The results showed “excellent” inter-observer agreement for both the freehand whole liver ROI and elliptical ROI protocols, with narrow limits of agreement, which suggests that both types of ROI yield reproducible results.

This study has some limitations relating to standardization of method compared to previous studies. These measurements were made using a vendor specific (IDEAL IQ) sequence on a wide bore 3 T MR machine and therefore may be specific to this arrangement, although a previously published study has demonstrated good reproducibility between different platforms when using IDEAL IQ [31]. In our study no attempt was made to exclude small hepatic vessels and bile ducts from the ROI. This methodology is similar to other published studies [20]. Although some studies using smaller ROIs that do not sample the whole liver parenchyma have avoided intrahepatic vessels, [17, 21, 32] it is not known whether or not this significantly affects accuracy.

Conclusions

Our study is the first to assess %FF sampling the use of large, solitary, elliptical ROIs focused on one hepatic lobe as an alternative to using freehand drawn ROIs that enclose the whole liver. Our findings, consistent with prior studies demonstrate that the difference between %FF obtained when using these simplified methods is unlikely to be clinically acceptable. We would therefore recommend that freehand drawn ROIs encompassing the whole liver are used in preference.

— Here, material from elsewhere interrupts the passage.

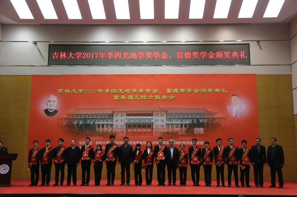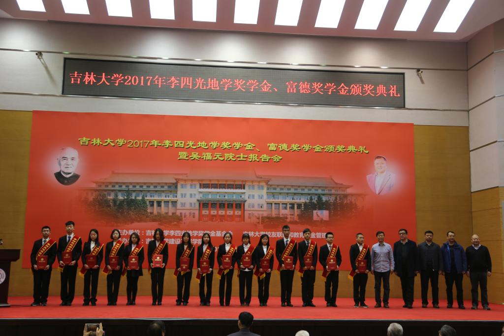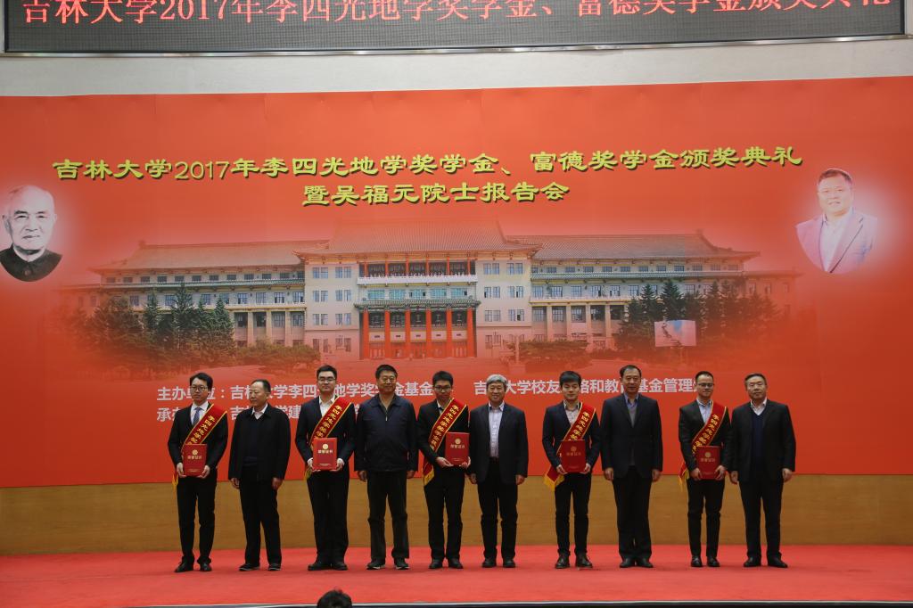 12月8日,巨乳自拍 2017年度李四光地学奖学金、富德奖学金颁奖典礼在中心校区东荣会议中心举行。巨乳自拍 研究生朱慧星,本科生韩子铭、邓贝奇、陈敬宜获得本年度李四光地学奖学金。本科生陈景川、王晨获得本年度富德奖学金。

Additionally, this study assesses the impact that varying the number of slices analysed has on the average %FF obtained when compared to whole liver %FF. Our findings suggest that there is no significant difference in the overall mean %FF if only one slice was sampled compared to sampling multiple slices. However, if insight into the variability of liver fat deposition is of interest, then multiple slices that contain visible liver parenchyma should be assessed. Although the data suggests that measurements from the most cranial and caudal slices show marked differences in %FF that are likely to be artefactual and inclusion of these slices may reduce accuracy.

Both the simplified elliptical ROI and freehand ROI methods demonstrated good inter-observer reliability and consistency at a wide range of BMI measurements.

Conclusions in brief

  • The use of large, solitary, elliptical ROIs focused on one hepatic lobe provides %FF measurements that are unlikely to be sufficiently accurate for use in clinical practice. Freehand whole-liver ROIs should be used in preference.

  • When using freehand ROI measurements analysis of a single slice at the level of the hepatic hilum yields a %FF that is representative of the mean % FF of the whole liver.

  • Both the simplified elliptical ROI and freehand ROI methods demonstrated good inter-observer reliability and consistency at a wide range of BMI measurements.